Listed records.
################

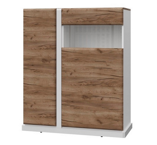 Дополнительно: Тумба высокая с полками и стеклянной вставкой. Каркас выполнен из ЛДСП 16 мм, МДФ 16 мм. Фасад выполнен из МДФ 16 мм. Задняя стенка и дно ящика тумбы выполнены из ДВПО белого цвета.
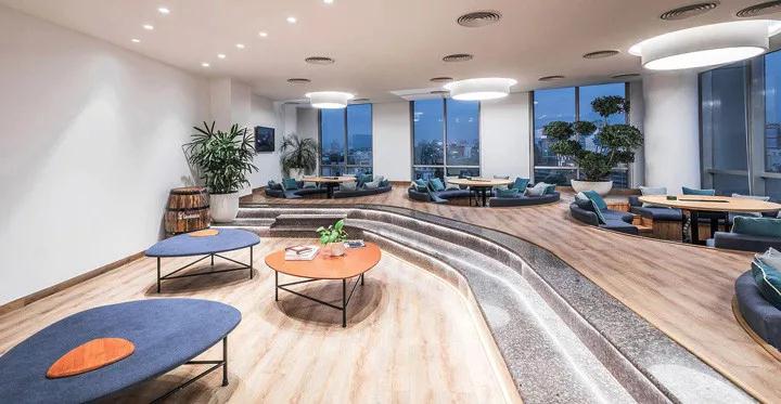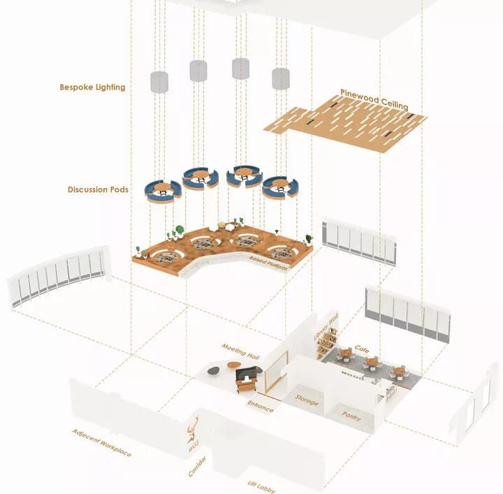 辦公室裝修設計空間被劃分成兩大功能區(qū):會議廳和咖啡活動區(qū)。會議廳將支持市場營銷和業(yè)務開發(fā)團隊的正式討論和演講;而咖啡活動區(qū)則用于半正式和休閑的會議討論,升高的地臺,嵌入的圓形下沉式座位區(qū),配以大型圓木桌和明亮舒適的圓形光照,這里就是會議廳。與眾不同的建筑形式讓這里有著輕松閑適的愜意氛圍,以創(chuàng)新形式鼓勵和促進頭腦風暴和團隊協(xié)作。
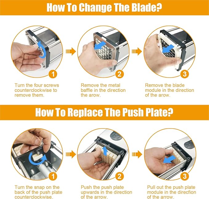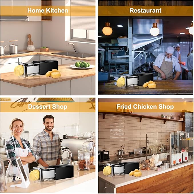 - 【Electric French Fry Cutter】: You just need to connect the Fstcrt electric french fry cutter to a regular household or commercial power source, and it can work by evenly cutting potatoes into French fries. Compared to traditional manual French fry knives, it is more labor-saving and efficient.
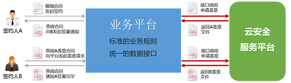 1. 电子合同业务平台通过标准API与云安全服务平台(以下简称"云平台")进行接口对接,以获取电子签名、电子签章及时间戳服务。
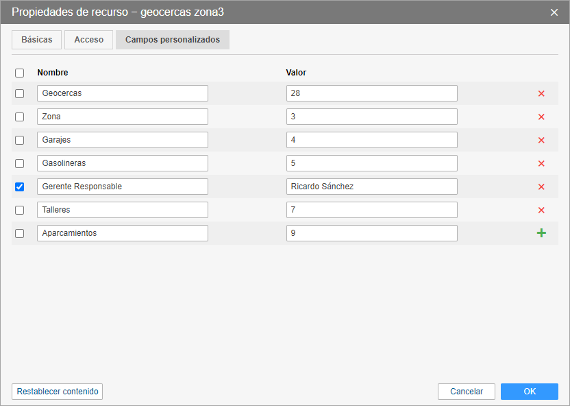 En esta pestaña puede crear campos personalizados con información adicional sobre el recurso.
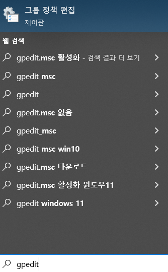 윈도우 버튼 누르고, gpedit 라고 입력하면 '그룹정책편집'이라는 것을 들어감

################

Work instructions.
Your task is to repeat the material above exactly, without its pictures.

Reply.
 Дополнительно: Тумба высокая с полками и стеклянной вставкой. Каркас выполнен из ЛДСП 16 мм, МДФ 16 мм. Фасад выполнен из МДФ 16 мм. Задняя стенка и дно ящика тумбы выполнены из ДВПО белого цвета.
 辦公室裝修設計空間被劃分成兩大功能區(qū):會議廳和咖啡活動區(qū)。會議廳將支持市場營銷和業(yè)務開發(fā)團隊的正式討論和演講;而咖啡活動區(qū)則用于半正式和休閑的會議討論,升高的地臺,嵌入的圓形下沉式座位區(qū),配以大型圓木桌和明亮舒適的圓形光照,這里就是會議廳。與眾不同的建筑形式讓這里有著輕松閑適的愜意氛圍,以創(chuàng)新形式鼓勵和促進頭腦風暴和團隊協(xié)作。
 - 【Electric French Fry Cutter】: You just need to connect the Fstcrt electric french fry cutter to a regular household or commercial power source, and it can work by evenly cutting potatoes into French fries. Compared to traditional manual French fry knives, it is more labor-saving and efficient.
 1. 电子合同业务平台通过标准API与云安全服务平台(以下简称"云平台")进行接口对接,以获取电子签名、电子签章及时间戳服务。
 En esta pestaña puede crear campos personalizados con información adicional sobre el recurso.
 윈도우 버튼 누르고, gpedit 라고 입력하면 '그룹정책편집'이라는 것을 들어감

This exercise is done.